> **Assigned task**
Transcribe the lines below verbatim, skipping the images.

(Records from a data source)

BEGIN

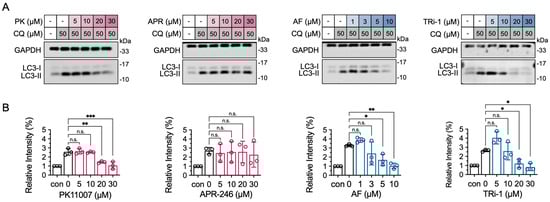 3.7. TXNRD1 Inhibition Reduces LC3-II Accumulation Induced by Chloroquine (CQ)
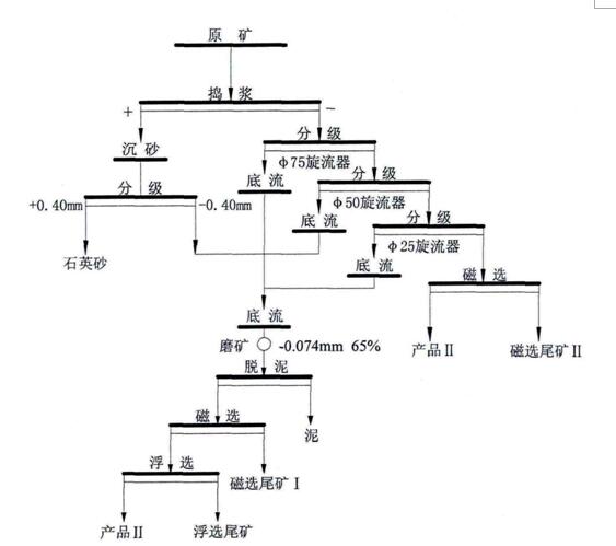 來(lái)自武漢理工大學(xué)的王浩曾在《砂質(zhì)高嶺土的工藝礦物學(xué)及選礦試驗(yàn)研究》中總結(jié)出:高嶺土選礦中提純中搗漿適宜的工藝條件為:搗漿濃度為60%,搗漿時(shí)間為20min,分散劑用量為2kg/t。經(jīng)過(guò)搗漿除砂后,調(diào)節(jié)礦漿濃度為24%φ75、φ50、φ25水力旋流器分級(jí)提純。對(duì)高嶺土選礦提純過(guò)程中的尾砂進(jìn)行綜合利用,部分石英砂作建筑用砂。
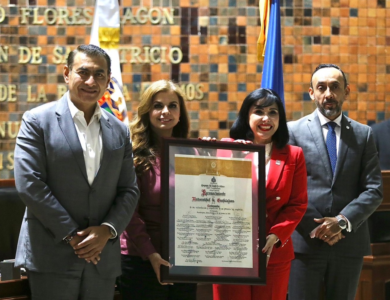Destacando su aportación al desarrollo de Jalisco, el Congreso estatal conmemoró los 100 años de la refundación de la Universidad de Guadalajara. En sesión solemne, se entregó un reconocimiento a la rectora, Karla Planter Pérez, para distinguir la labor formativa de la UdeG. En su mensaje, la rectora subrayó la misión formadora de la Universidad y dijo que la democracia necesita ciudadanos educados, ilustrados para ejercer plenamente sus derechos.
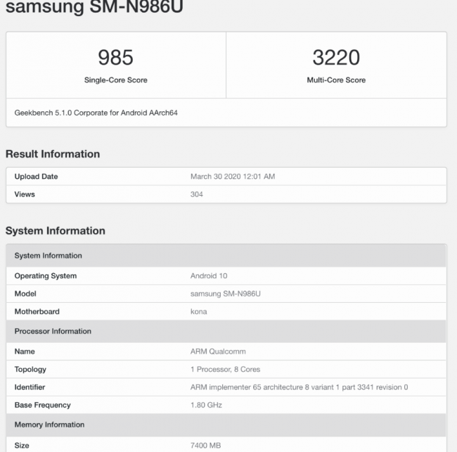 Тестовое устройство проходит с номером модели SM-N986U. Это, по слухам, Galaxy Note 20+ 5G. Аппарат работает под управлением операционной системы Android 10.
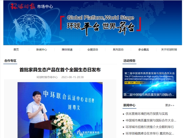 《中國(guó)環(huán)境報(bào)》作為國(guó)家生態(tài)環(huán)境部主管的行業(yè)權(quán)威紙媒,以及全球唯一一家國(guó)家級(jí)環(huán)境紙媒,也關(guān)注并支持著本次活動(dòng),重點(diǎn)報(bào)道了活動(dòng)中“發(fā)布共建生態(tài)家居戰(zhàn)略倡議書(shū)”及“頒發(fā)首批認(rèn)證企業(yè)獲證證書(shū)”等亮點(diǎn)環(huán)節(jié)。

END

> **Response to the exercise**
 3.7. TXNRD1 Inhibition Reduces LC3-II Accumulation Induced by Chloroquine (CQ)
 來(lái)自武漢理工大學(xué)的王浩曾在《砂質(zhì)高嶺土的工藝礦物學(xué)及選礦試驗(yàn)研究》中總結(jié)出:高嶺土選礦中提純中搗漿適宜的工藝條件為:搗漿濃度為60%,搗漿時(shí)間為20min,分散劑用量為2kg/t。經(jīng)過(guò)搗漿除砂后,調(diào)節(jié)礦漿濃度為24%φ75、φ50、φ25水力旋流器分級(jí)提純。對(duì)高嶺土選礦提純過(guò)程中的尾砂進(jìn)行綜合利用,部分石英砂作建筑用砂。
Destacando su aportación al desarrollo de Jalisco, el Congreso estatal conmemoró los 100 años de la refundación de la Universidad de Guadalajara. En sesión solemne, se entregó un reconocimiento a la rectora, Karla Planter Pérez, para distinguir la labor formativa de la UdeG. En su mensaje, la rectora subrayó la misión formadora de la Universidad y dijo que la democracia necesita ciudadanos educados, ilustrados para ejercer plenamente sus derechos.
 Тестовое устройство проходит с номером модели SM-N986U. Это, по слухам, Galaxy Note 20+ 5G. Аппарат работает под управлением операционной системы Android 10.
 《中國(guó)環(huán)境報(bào)》作為國(guó)家生態(tài)環(huán)境部主管的行業(yè)權(quán)威紙媒,以及全球唯一一家國(guó)家級(jí)環(huán)境紙媒,也關(guān)注并支持著本次活動(dòng),重點(diǎn)報(bào)道了活動(dòng)中“發(fā)布共建生態(tài)家居戰(zhàn)略倡議書(shū)”及“頒發(fā)首批認(rèn)證企業(yè)獲證證書(shū)”等亮點(diǎn)環(huán)節(jié)。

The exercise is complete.